По вечерам на привалах Юйсары с жадностью постигала его науку, но стрельба из арбалета ей упорно не давалась, и это лишний раз убедило Конана, что стрелком надо родиться. Сам киммериец из арбалета попадал в горную куропатку за полтораста шагов; вспоминая свой любимый боссонский дальнобойный лук, доставшийся апийцам вместе с обозом, он раздраженно поджимал губы. Плато, по которому брел десяток путников, вдруг оборвалось. Вниз уходила желто-серая лессовая круча с выходами грязно-бурых пластов доломита и мелкоплитчатого розового песчаника; дно котловины — сплошь бугры и буераки — примыкало к отвесной конической скале, которую справа огибала козья тропка.

— Там человек! — воскликнул Сонго.

— И конь! — Киммериец показал пальцем на менее заметное пятно.

Человек сидел у кучки хвороста, обхватив руками колени и опираясь на них подбородком. На нем был дорогой халат, справа под рукой лежала кривая сабля в сверкающих золотом ножнах и островерхий граненый шлем с перьями тропических птиц. Конь стоял за кустами, виднелась только голова, но блеск изумрудов и рубинов на уздечке давал понять, что сбруя скакуна не уступает роскошью одежде и оружию его владельца.
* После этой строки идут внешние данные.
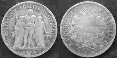 5 francs,Francia 1874 Hercules,srebro,bcm,ladna
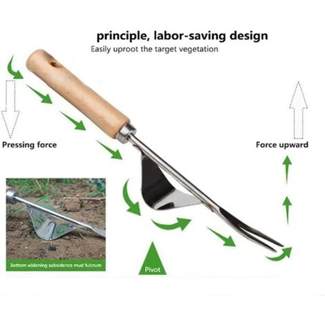 L’arrache-herbe manuel est conçu avec une poignée en bois ergonomique et confortable, ce qui provoque moins de fatigue et rend le jardinage facile et intéressant.
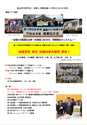 ・第45回 毎日農業記録賞 高校生部門 優良賞
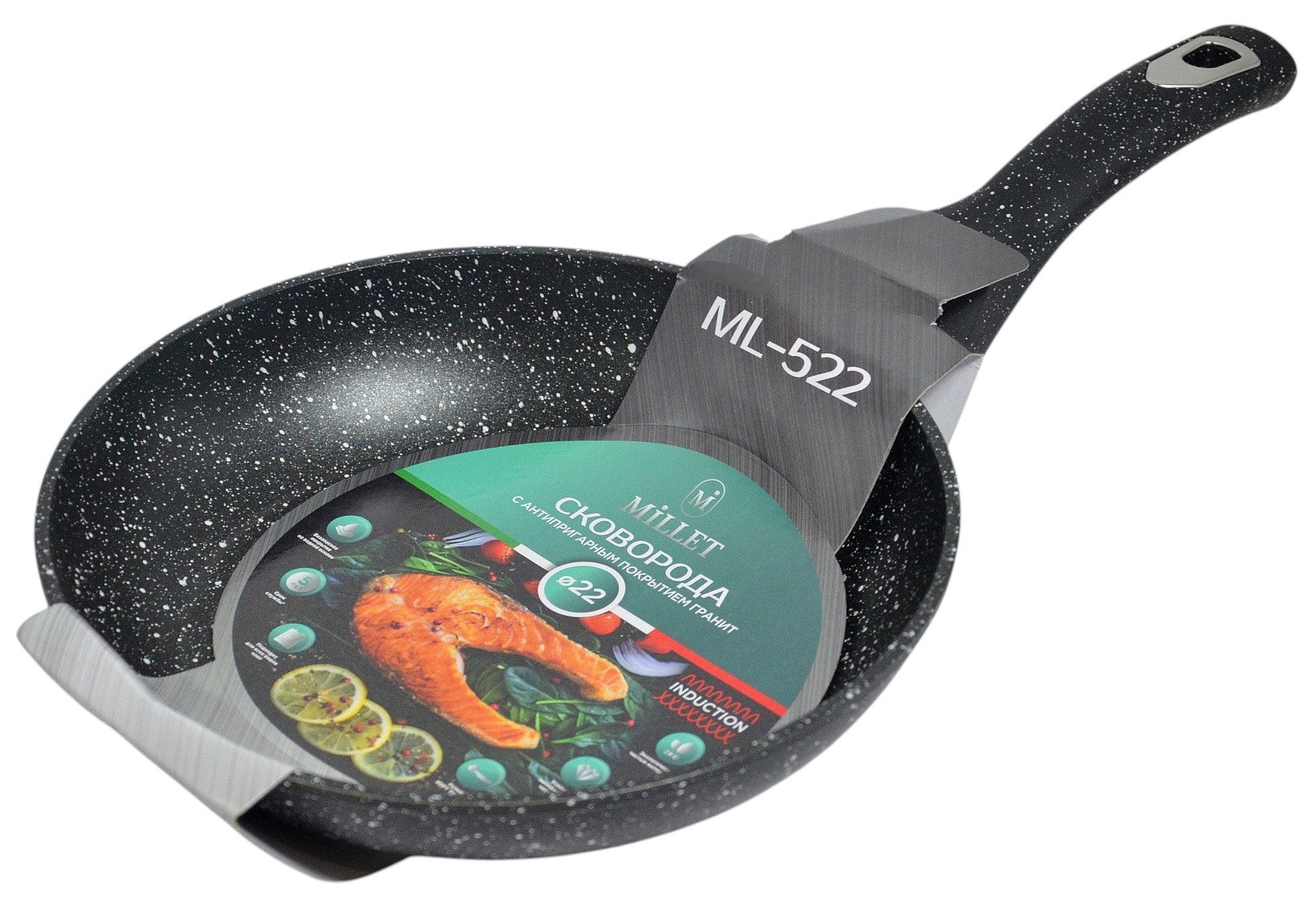 Индукция.Диаметр 22см,высота 5см.Бакелитовая ручка с покрытием Soft Touch.Многослойное антипригарное покрытие PFLUON (12)
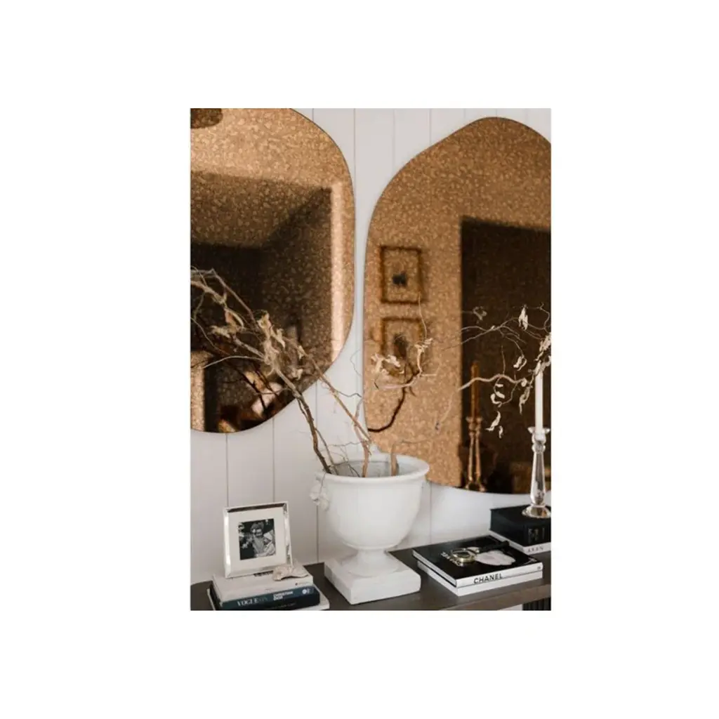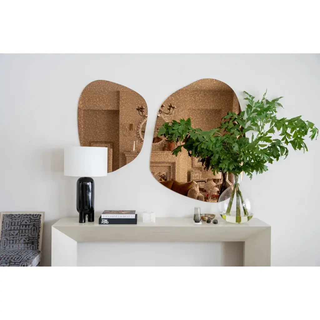 Incredibly eye-catching, the Phoenix Mirror boasts an unframed antique rust mirror with an organic form. It looks beautiful alone or styled as a pair. It easily hangs vertically or horizontally, lending visual texture and interest to the room.
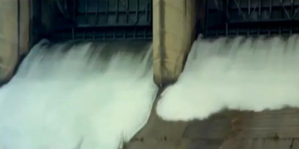 图为敌军企图开闸放水,制造水障阻挡我军前进
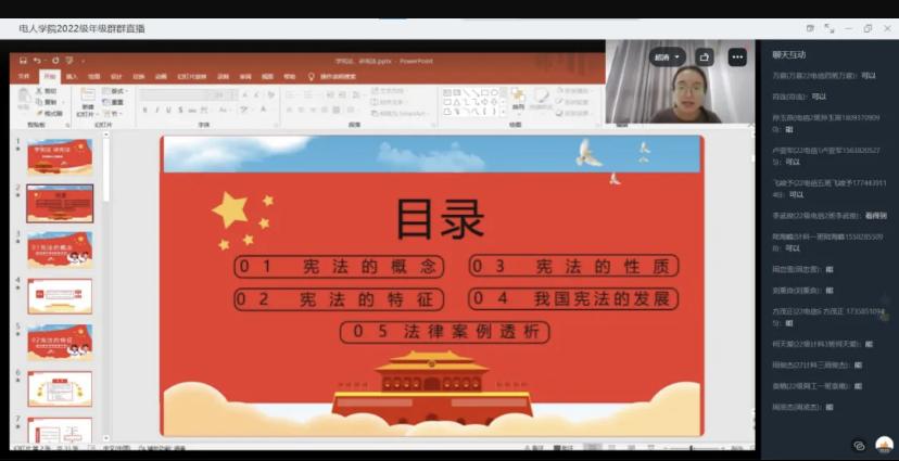 本网讯(文、图/肖苗)2022年9月22日下午13点,电子信息与人工智能学院召开2022级新生线上“学宪法、讲宪法”活动。学院辅导员肖苗和2022级全体新生参加,会议由肖苗主持。

— Да это же Дазаут! — Сонго окинул взглядом склон под ногами, выбирая путь поудобнее, но Конан удержал его за руку.

— Погоди. — Он снял и опустил на землю неудобную цилиндрическую корзину. — Не нравится мне это.

— Почему? — Сонго недоуменно посмотрел на него, затем пригляделся к Дазауту. Кучка хвороста у ног молодого аристократа наводила на мысль, что он решил развести костер, но потом вспомнил, что не взял огнива. — Похоже, он один.

— Вот это меня и удивляет. — Конан проверил, легко ли выскальзывают из ножен меч и кинжал, затем протянул Сонго арбалет и колчан со стрелами. — Ты когда-нибудь видел его одного? Спущусь, потолкую. Люди пусть отойдут от обрыва, а ты прикрывай меня.

Он опустился на корточки напротив воеводы, по другую сторону неразожженного костра. Дазаут уже давно оторвал голову от колен и следил за ним настороженным взглядом.

— Здравствуй, командир, — произнес Конан. Нехремский этикет требовал более почтительного, даже цветистого приветствия, но Конан и раньше пренебрегал им, а сейчас считал и вовсе неуместным.

Дазаут кивнул, вернее, дернул головой, и не проронил ни слова.

— Ты один? Без свиты?

Опять угрюмый кивок.

— А где армия?

Дазаут мотнул головой вправо.

— В Бусаре? — допытывался Конан. Утвердительное движение головой, затем пожатие плечами.

— Разбита?

— Наголову!

Конан не узнал голоса Дазаута, и его ошеломила злорадная ухмылка.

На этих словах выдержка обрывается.